### Work instruction
Could you transcribe the entries below exactly, starting at the line that contains "お店の雰囲気や印象。または、" and stopping at the last line, without any pictures?

Source records
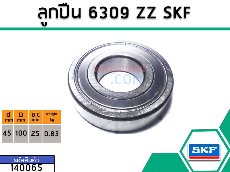 >>รหัสสินค้า 140065 >> รู 45 mm. >>เส้นผ่านศูนย์กลาง 100 mm. >>หนา 25 mm. >>น้ำหนัก 0.83 kg. #ตลับลูกปืนเบอร์6309 #ลูกปืน6309 #ลูกปืน6309 ZZ #ลูกปืนยี่ห้อSKF ZZ 6309 #Bearing6309
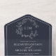 QR Code Navy Blue Leafy Crest Monogram Wedding All In One Invitation
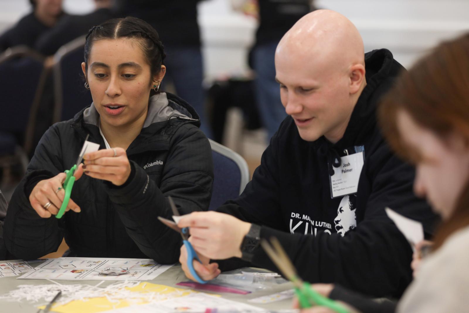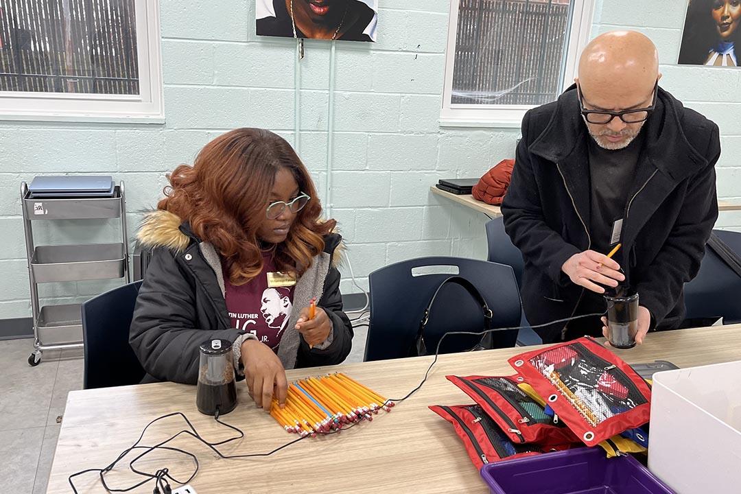 Motunrayo Fatoke, a graduate student in public policy, sharpened pencils and cleaned white boards beside Miguel Martinez, a graduate student studying cybersecurity. Fatoke said that her classes reinforce the idea of community service and engagement, so she volunteers throughout the year. “It is what King represents,” she said. “He brought transformational change.”
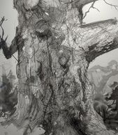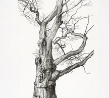 David Barthold knows the importance of a line because he is a contemporary artist making engravings, a method of printmaking that requires every line to be physically cut into a metal plate that will later be inked and printed. This method is lengthy and causes him to further research the stories behind the animals, insects and trees that appear in his work. The trees in David’s work are true city trees. These trees bear the scars from car impacts. Their form is unintentionally designed by the constrainting sidewalks and trimming to accommodate the buildings. He captures the sad strength that is gathered through these experiences; a texture of persistence, abuse and healing.
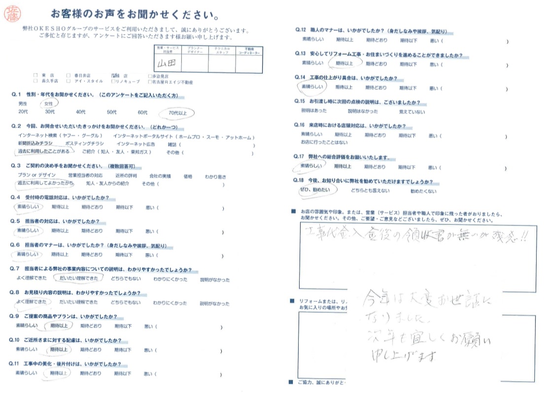 お店の雰囲気や印象。または、営業(サービス)担当者や職人で印象に残った者がおりましたら、お聞かせください。その他、ご要望・ご意見などございましたら、ぜひ、お聞かせください。
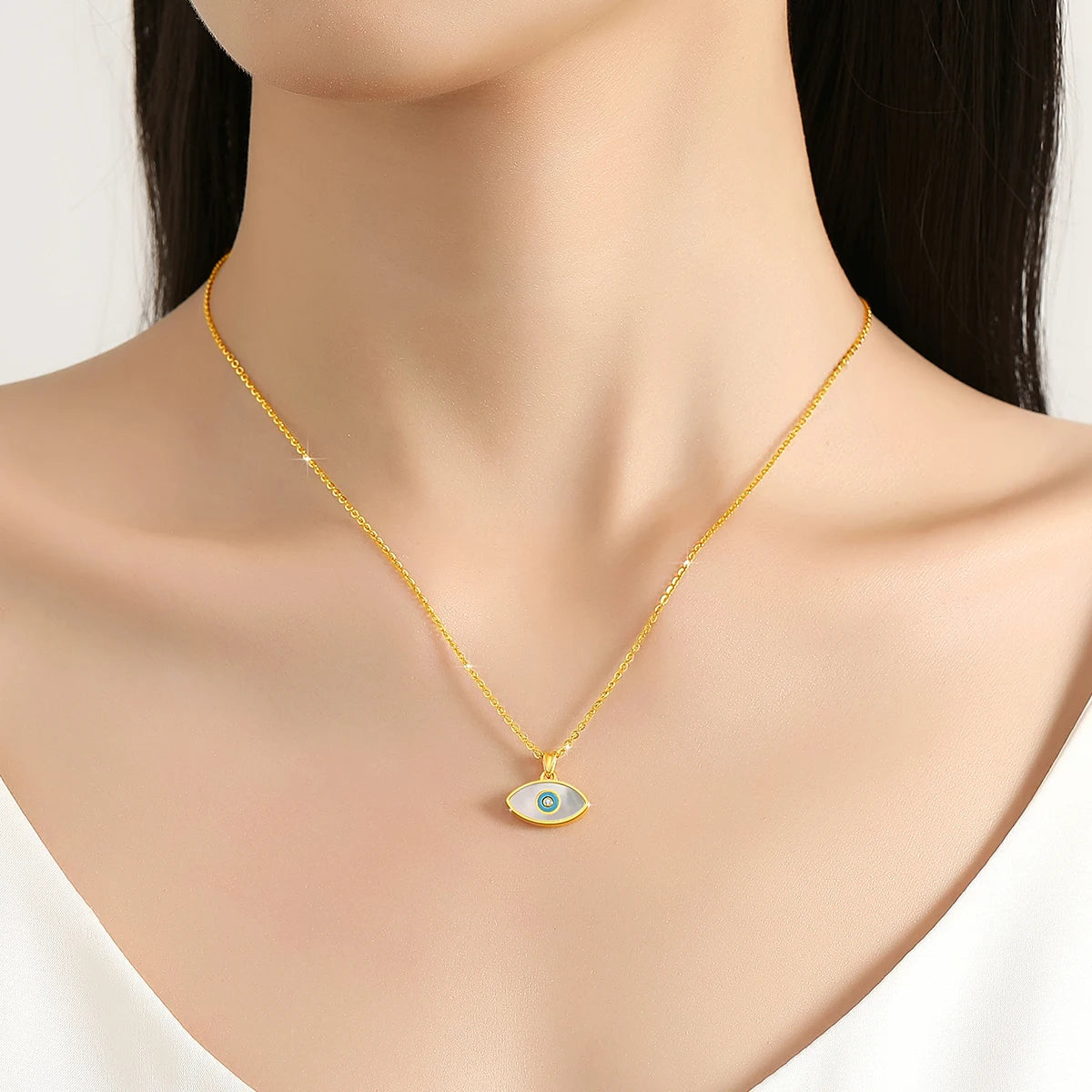 A verdadeira realeza não se ostenta; ela se manifesta na forma e na confiança de uma presença imponente e serena. O colar Majestade Ocular Serena é uma ode à mulher que governa o próprio destino, com uma joia que reflete sua nobreza interior. Com o design em formato de olho e a delicadeza da madrepérola, esta peça é perfeita para a mulher que busca a sofisticação que não precisa de validação externa. Ela não é apenas um adorno, mas um lembrete silencioso de que sua autoridade é inata.
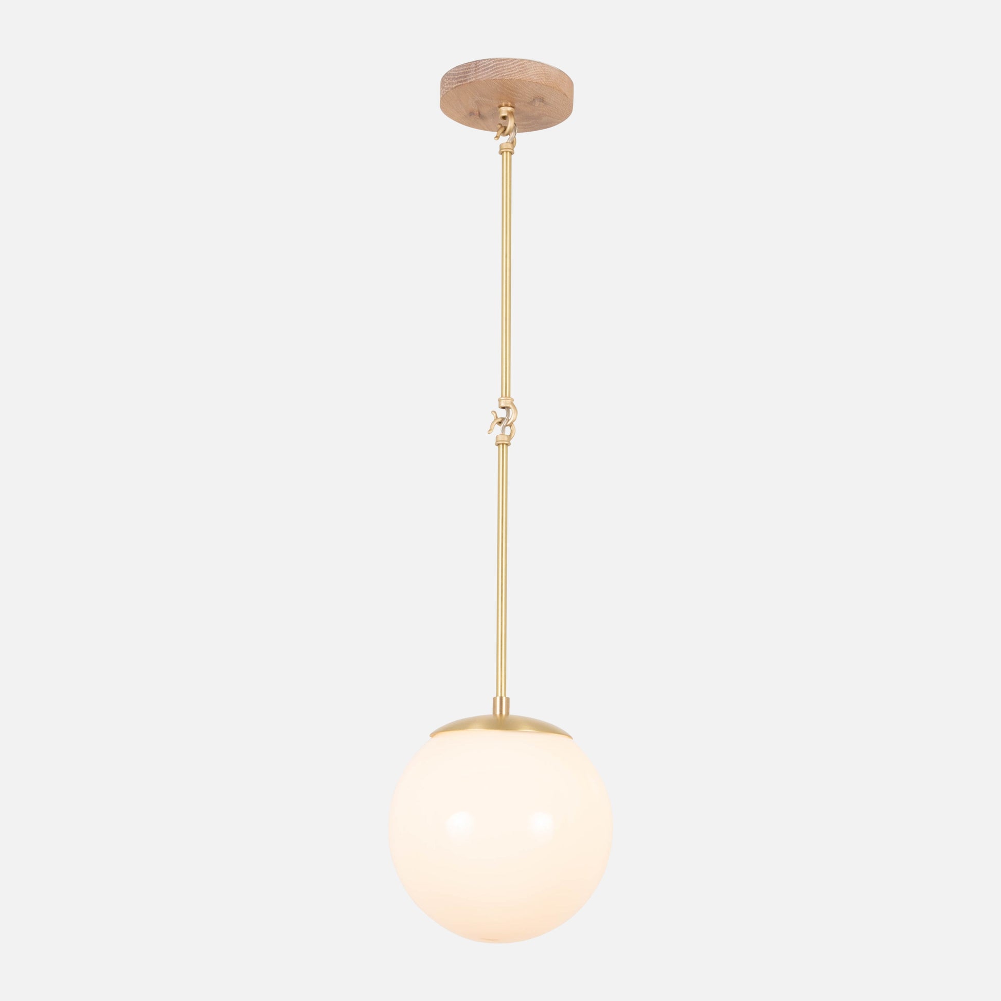 A pendant light with vintage appeal featuring a large, glass globe and handcrafted wooden canopy.

### Final answer
 お店の雰囲気や印象。または、営業(サービス)担当者や職人で印象に残った者がおりましたら、お聞かせください。その他、ご要望・ご意見などございましたら、ぜひ、お聞かせください。
 A verdadeira realeza não se ostenta; ela se manifesta na forma e na confiança de uma presença imponente e serena. O colar Majestade Ocular Serena é uma ode à mulher que governa o próprio destino, com uma joia que reflete sua nobreza interior. Com o design em formato de olho e a delicadeza da madrepérola, esta peça é perfeita para a mulher que busca a sofisticação que não precisa de validação externa. Ela não é apenas um adorno, mas um lembrete silencioso de que sua autoridade é inata.
 A pendant light with vintage appeal featuring a large, glass globe and handcrafted wooden canopy.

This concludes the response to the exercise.